Глебов Иван Федорович

Глебов Иван Федорович, 1922 года рождения, кавалер трех степеней знаков «Шахтерская слава», с первого дня начала войны сражался на фронтах Великой Отечественной.

В октябре 1944-го был комиссован по ранению и вернулся в родное Бабанаково.

А несколько дней назад, 10 апреля, геройский старшина морской пехоты принял поздравления с 95-летием. Как сказал о себе сам юбиляр — судьба хранила его на протяжении всей жизни и не скупясь одарила его всем, чем могла.

Первый бой чуть не стал последним

— Родился в Курской области в 1922 году, — рассказывает Иван Федорович

— Семья у нас была большая и бедная, нас у отца с матерью было шестеро, я самый младший. В Курской области было голодно, неурожай один за другим, и в 1929-м родители надумали переезжать. На год раньше нас уехала сестра мамы со своей семьей, они поселились в пристанционном поселке Белово. Написали, мол, здесь неплохо, давайте и вы к нам, вместе легче будет. Но мы немного промахнулись, и вначале приехали в Крапивинский район, а уже потом, в 1936-м мы тоже перебрались в Белово.

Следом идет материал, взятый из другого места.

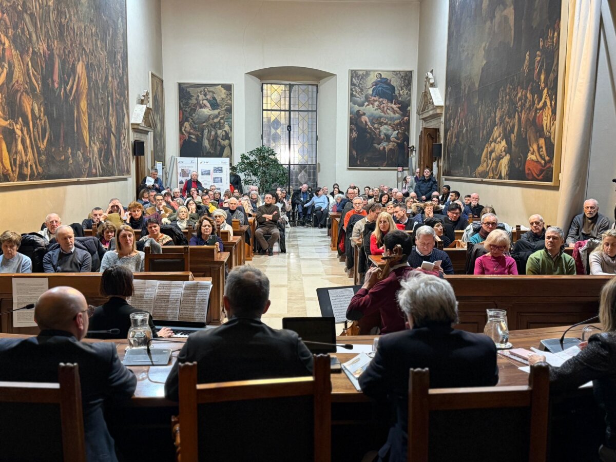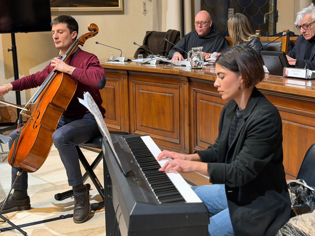 Alla presentazione sono intervenuti fra Marco Moroni, Custode del Sacro Convento di Assisi e Gabriella Chiellino, Founder Ceo di Eambiente (Mestre), che hanno offerto la loro testimonianza di legame spirituale con san Francesco. Gli interventi sono stati intervallati da brani musicali eseguiti da Benedetta Broegg alla tastiera e da Filippo Longhi al violoncello.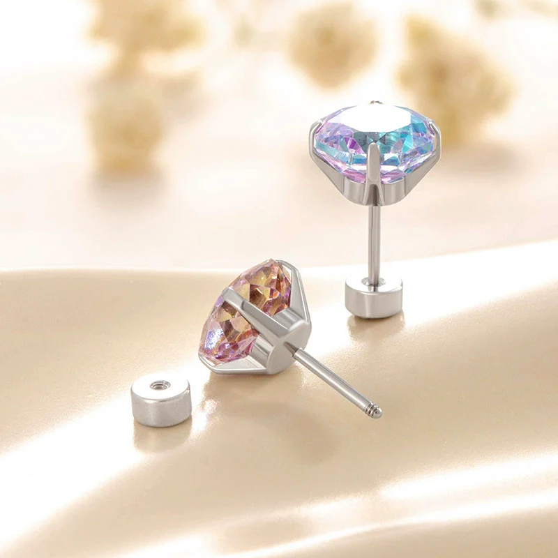 Wholesale Metal Sweet Style Flower Shape Zirconia Inlaid Titanium Steel Ear Nails For Women

Учиться я пошел в школу № 4, после нее в 1940-м устроился на «Пионерку» коногоном (погонщиком лошади, везущей вагонетку в шахте при конной откатке угля), на этой же шахте трудился и мой отец.

Работа у меня была тяжелая. Но в юности на все смотришь легче, так что я радовался своей полезности в семье и ни о чем плохом не думал вовсе. Азарта было у меня много, записался в городской аэроклуб, можно сказать, был на примете у военкома.

Как началась Отечественная, меня сразу призвали на фронт и направили на Тихоокеанский флот, в объединенную школу «Русский остров». В сентябре приехал в школу командующий Тихоокеанским флотом Иван Степанович Юмашев, нас построили, и он объявил, мол, сынки, враг наступает, и на суше вы сейчас нужнее, так что идем в пехоту. Так я стал морским пехотинцем. В ноябре нас бросили в Тихвин, где меня в первый же день в первом бою чуть не убил фриц.

— Помните его до сих пор?

— Это был первый фашист, которого я увидел живьем. Ноябрь был морозный, а мы в ботиночках и бушлатах. Холода не чувствовали, грела злость к фашистам. Мы были почти не обучены, в бой шли на «полундру» (берегись). Я во время атаки за угол здания завернул, а мне навстречу — фашист. У него автомат на груди, у меня винтовка. Замерли, потом он кинулся на меня, я поскользнулся в этих хлипких ботиночках и упал. Он навалился на меня с финкой, думал — смерть моя пришла. Посмотрел на небо в последний раз, а оно вдруг такой необычной зарницей окрасилось. При жизни я такой никогда не видел, а перед смертью вот привелось. А это, оказывается, не зарница была, а кровища фашистская мне в глаза брызнула. Товарищ мой, Николай Соколов, подстрелил немца, спас меня.

— Говорят, что перед смертью у человека вся жизнь, словно кинолента, мелькает перед глазами. Так ли это?

— Я как-то очень отчетливо увидел лицо матери, потом ее за привычными домашними делами. Детство свое, причем, только самые хорошие моменты, как будто не было голода или чего-то тяжелого. Но все это было как вспышка, миг и все, у меня как отключились все чувства и время остановилось. Ни страха, ни боли, пока зарница эта кровавая перед глазами не вспыхнула. Так что с начала войны меня, можно сказать, смерть окрестила и в везунчики меня записала.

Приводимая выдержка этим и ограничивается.